TASK INSTRUCTIONS: A faithful copy is required of the lines from the top of the entries through the line that contains "与自贡市胡氏花灯文化园签订青少年教育协作基地合作协议", both included, with no pictures.
= Beginning of Section =
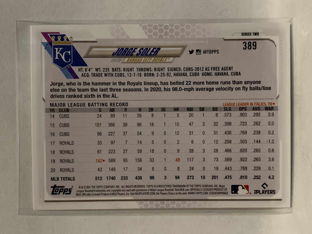 #389 Jorge Soler Kansas City Royals 2021 Topps Series 2 Baseball Card
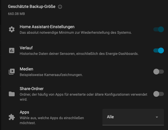 Dann wollte ich ein neues Backup machen und sehe die Differenz von 660 MB zu aktuell 24 MB
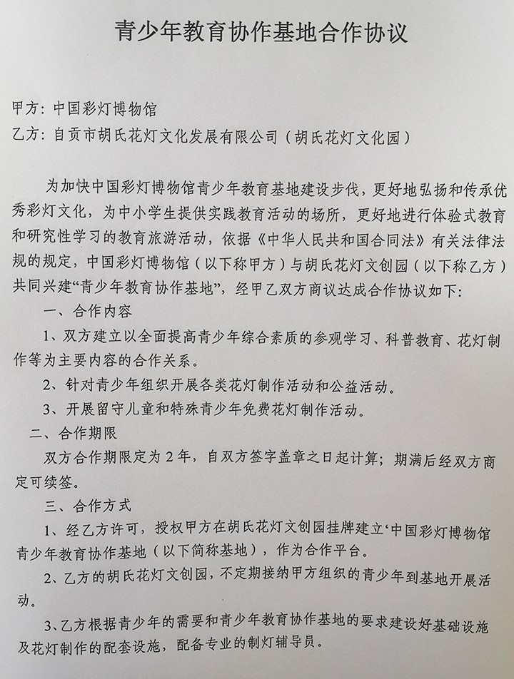 与自贡市胡氏花灯文化园签订青少年教育协作基地合作协议
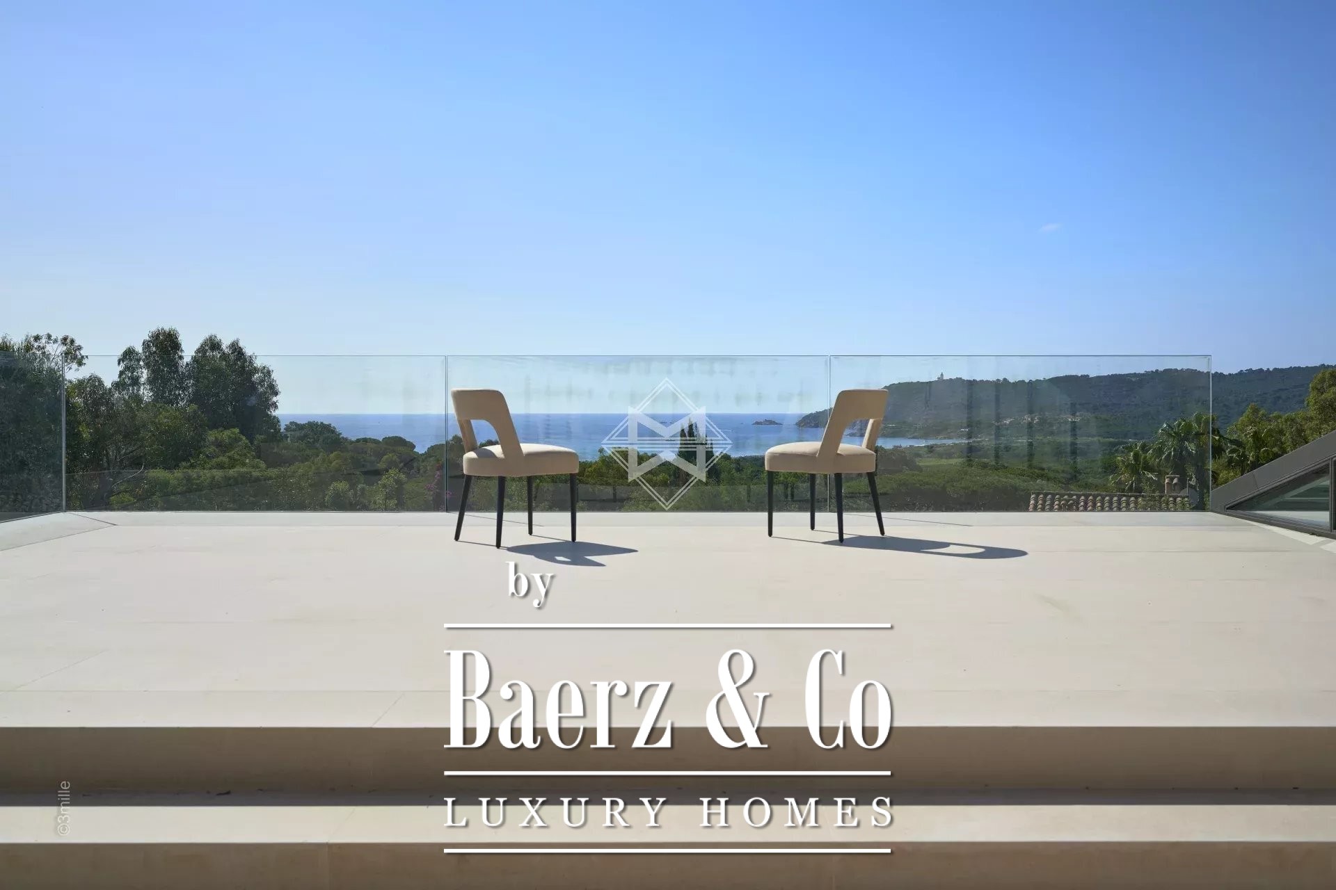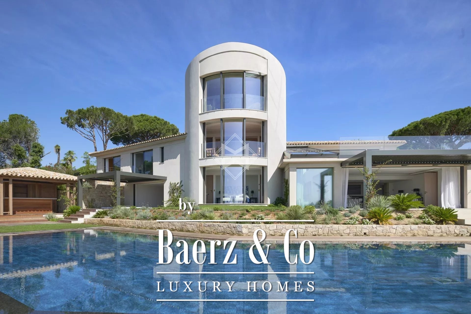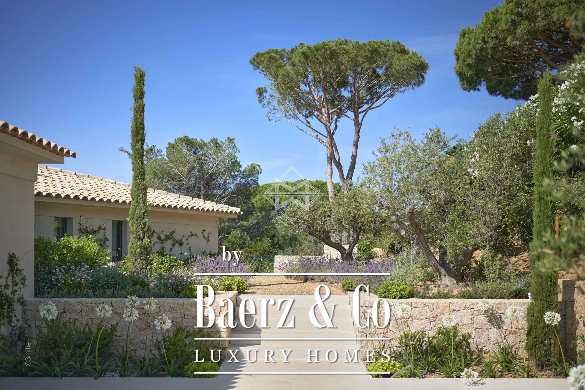 Villa Ramatuelle stands just a short walk from the famed Pampelonne beach, a contemporary residence designed for those who value privacy and architectural distinction. This villa Ramatuelle property extends across 510 m², set within a gated enclave amidst 3465 m² of thoughtfully landscaped grounds, where Mediterranean plants contribute natural texture and calm.
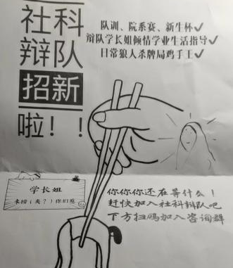 A:我进辩队是因为学长军训刷楼时发的宣传单了。上面有一些看起来不错的福利,比如狼人杀、学业生活指导之类的。我高中接触过辩论,再加上宣传单做得也蛮有趣,就抱着试一试的心态加入了。后来月舞直播
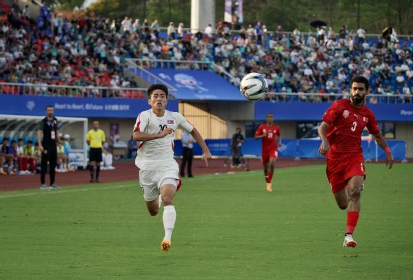 9月27日下午,杭州第19届亚运会男子足球1/8决赛,朝鲜队对巴林队的比赛在浙江师范大学东体育场举行。
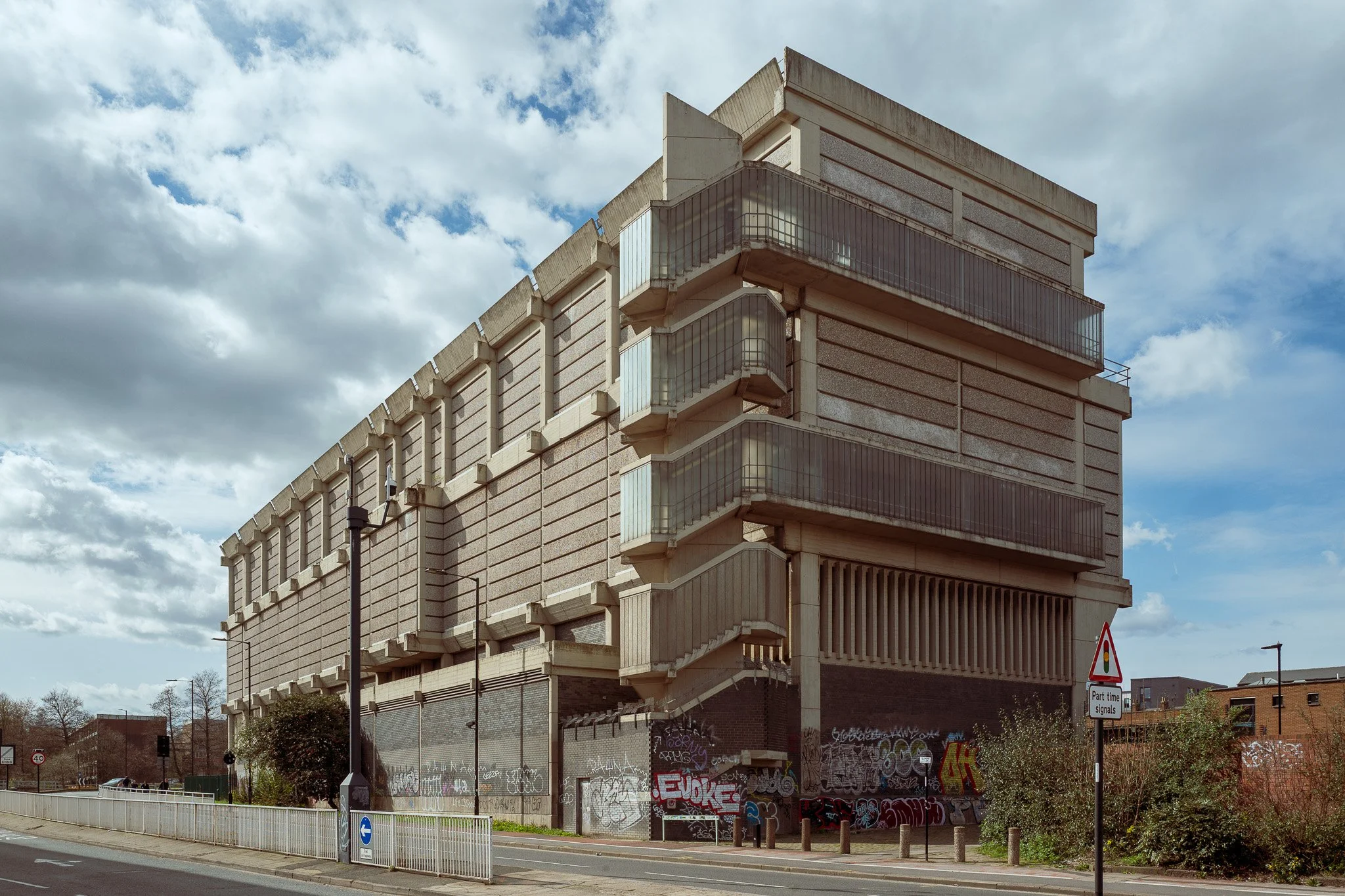 Moore Street Electricity Substation (1968 - Grade II) - an unsubtle concrete block built to feed the steel industry.
= End of Section =
OUTPUT BELOW:
 #389 Jorge Soler Kansas City Royals 2021 Topps Series 2 Baseball Card
 Dann wollte ich ein neues Backup machen und sehe die Differenz von 660 MB zu aktuell 24 MB
 与自贡市胡氏花灯文化园签订青少年教育协作基地合作协议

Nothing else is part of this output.